We found some intermittent failures in UBT where it would appear to just stop suddenly after completing an action and end with exit code 6.

We tracked it down to what seems to be a race condition in ImmediateActionQueue.TryStartOneAction(). Between the first part of the method where the action is attempted to be started, and the end where it checks for a stall, the number of active actions may decrease if an action completes. This can falsely indicate a stall, if we are waiting on actions to unblock the next action, but they complete during execution of this method and the number of active actions ends up at 0 by the time we do the stall check.

We have a repro case here with some extra debugging to make the sequence of events clearer.

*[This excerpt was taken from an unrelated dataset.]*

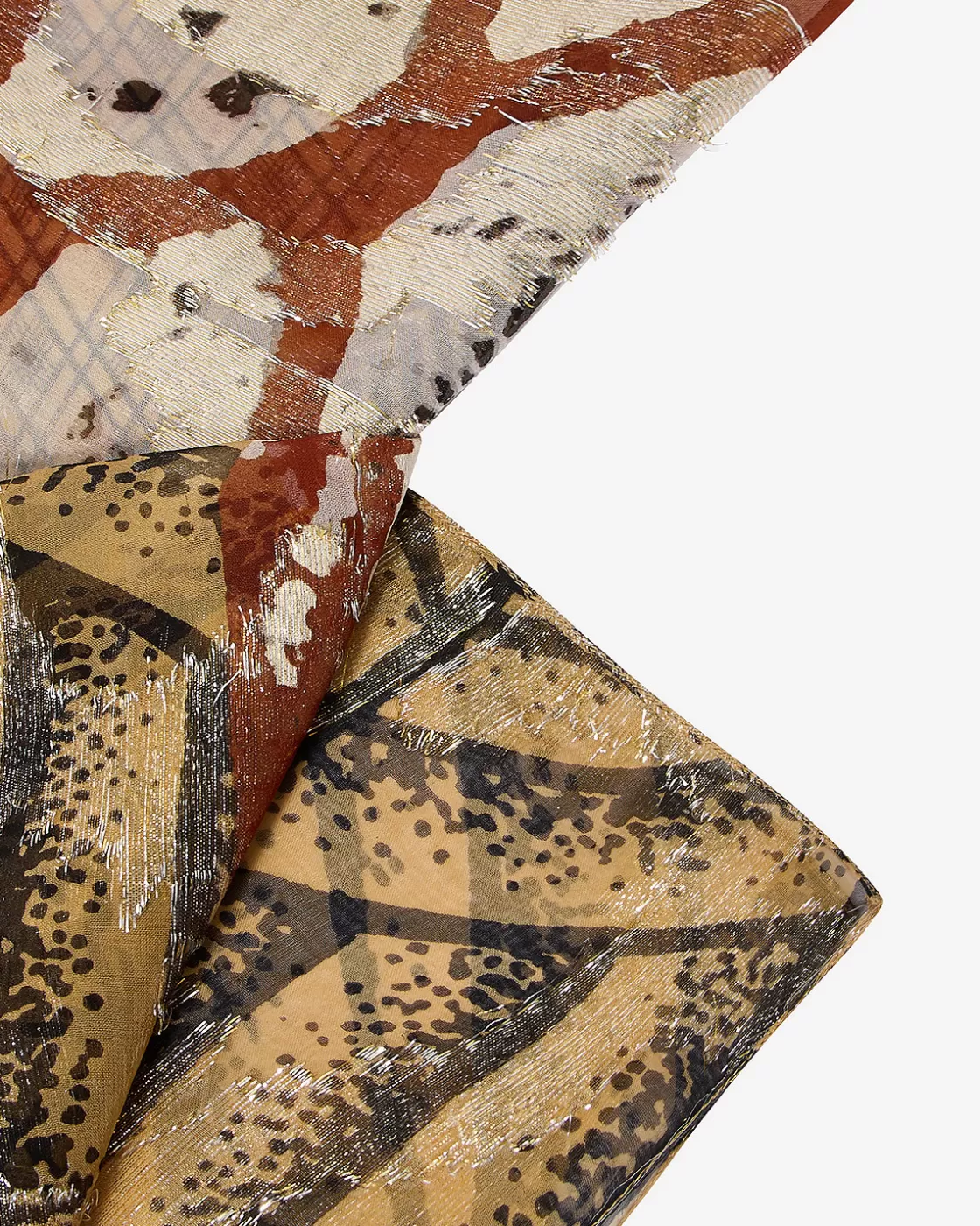 Add a touch of sophistication to your outfit with our magnificent laminated viscose and gold thread scarf. With its gene…

The actual behavioral changes are to add a sleep to TryStartOneAction(), and to force using the ParallelExecutor as it creates a single ImmediateActionQueue runner of Automated type. https://github.com/EpicGames/UnrealEngine/pull/13918

The race condition itself can occur even with other executors, but in cases like UGA where there’s a manual runner as well, the stall check will always pass on the manual runner, so it doesnt really matter. For us, in our FASTBuild executor we end up with some actions we pass off to a ParallelExecutor, which is why we saw this to begin with.

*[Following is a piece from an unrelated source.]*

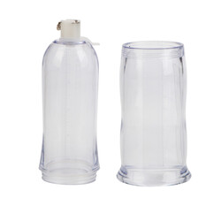 ABS (pump handle) PVC (hose) Silicone (donut and Commander) Nylon (travel bag) SAN (cylinder) 9.5″x 2.5″/ 24 cm x 6 cm (cylinder assembled) 6″x 2.5″/ 15 cm x 6 cm (nested cylinder)

Ideally for us, we could get a fix in for the bug itself (even if it doesn’t manifest in any default Engine usage), so we can mitigate it on our end without incurring more divergence, until we’re ready to fully swap over to UBA. I have a proposed fix here, which is to just pull the stall check up into action lock scope https://github.com/EpicGames/UnrealEngine/pull/13917

Steps to Reproduce

https://github.com/EpicGames/UnrealEngine/pull/13918

I’ll take a look this week, at a quick cursory glance it seems fine to me. We can’t modify the UE5.7 branch anymore though, and I don’t think I’ll be able to get this into the UE5.7 release either since we’re past the commit cutoff so it’ll most likely be committed to ue5-main for the next release.

I’ll most likely take your change as is, if not I’ll let you know either here or in the comments on the PR.

Hey Joe. Thanks for taking a look!

No worries about not making it into 5.7. I realized when I said “without more divergence” I should have said non-temporary divergence. If we believe something approximately like this is coming later we’re happy to apply it internally now.